Problem details: Below, some lines carry pictures; leave those pictures out and retype exactly the lines from the one with "น้อง ribbon bowww" through the one with "Informer - Tabakovićeva".

Material provided:
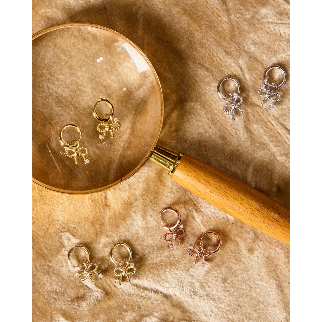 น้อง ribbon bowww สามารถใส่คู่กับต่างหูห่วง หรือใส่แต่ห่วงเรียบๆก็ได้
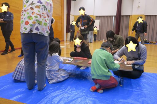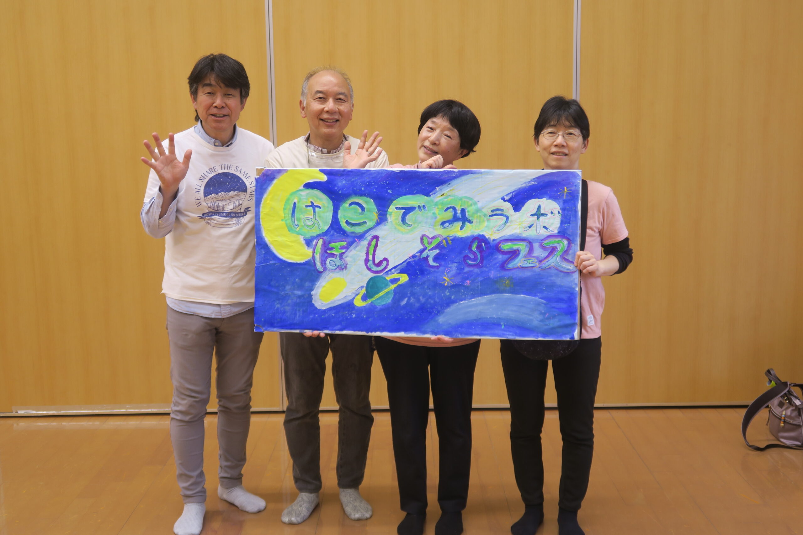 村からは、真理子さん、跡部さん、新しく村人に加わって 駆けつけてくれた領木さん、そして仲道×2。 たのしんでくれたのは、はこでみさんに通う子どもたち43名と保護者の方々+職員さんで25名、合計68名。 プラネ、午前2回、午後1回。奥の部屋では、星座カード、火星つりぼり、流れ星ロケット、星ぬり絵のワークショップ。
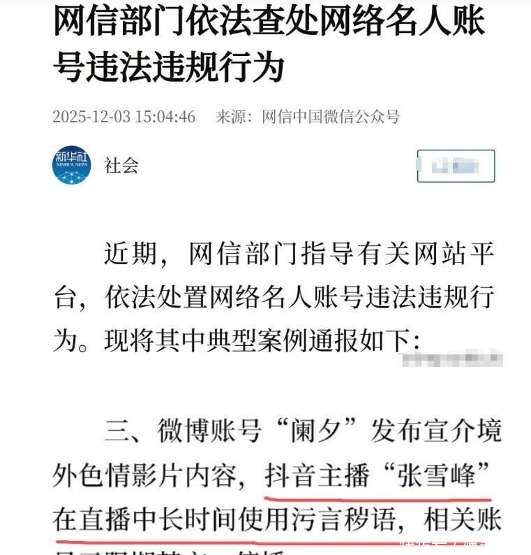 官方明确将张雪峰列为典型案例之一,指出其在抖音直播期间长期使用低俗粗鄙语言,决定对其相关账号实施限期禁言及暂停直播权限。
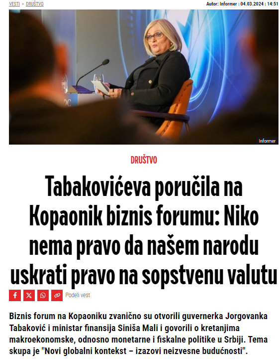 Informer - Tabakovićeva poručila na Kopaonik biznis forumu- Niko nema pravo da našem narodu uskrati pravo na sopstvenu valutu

* * *

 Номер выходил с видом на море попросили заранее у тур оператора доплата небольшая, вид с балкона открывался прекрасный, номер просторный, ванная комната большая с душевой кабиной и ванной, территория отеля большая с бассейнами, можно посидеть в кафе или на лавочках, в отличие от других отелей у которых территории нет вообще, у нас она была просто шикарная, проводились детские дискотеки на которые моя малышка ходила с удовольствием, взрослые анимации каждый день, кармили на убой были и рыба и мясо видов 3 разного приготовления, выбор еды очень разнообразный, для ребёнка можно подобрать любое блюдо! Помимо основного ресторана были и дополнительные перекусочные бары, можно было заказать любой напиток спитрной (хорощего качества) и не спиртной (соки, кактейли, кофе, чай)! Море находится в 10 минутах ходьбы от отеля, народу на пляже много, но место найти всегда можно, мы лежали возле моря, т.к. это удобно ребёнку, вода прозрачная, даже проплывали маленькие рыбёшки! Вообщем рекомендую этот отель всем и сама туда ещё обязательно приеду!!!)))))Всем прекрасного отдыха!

Task answer:
 น้อง ribbon bowww สามารถใส่คู่กับต่างหูห่วง หรือใส่แต่ห่วงเรียบๆก็ได้
 村からは、真理子さん、跡部さん、新しく村人に加わって 駆けつけてくれた領木さん、そして仲道×2。 たのしんでくれたのは、はこでみさんに通う子どもたち43名と保護者の方々+職員さんで25名、合計68名。 プラネ、午前2回、午後1回。奥の部屋では、星座カード、火星つりぼり、流れ星ロケット、星ぬり絵のワークショップ。
 官方明确将张雪峰列为典型案例之一,指出其在抖音直播期间长期使用低俗粗鄙语言,决定对其相关账号实施限期禁言及暂停直播权限。
 Informer - Tabakovićeva poručila na Kopaonik biznis forumu- Niko nema pravo da našem narodu uskrati pravo na sopstvenu valutu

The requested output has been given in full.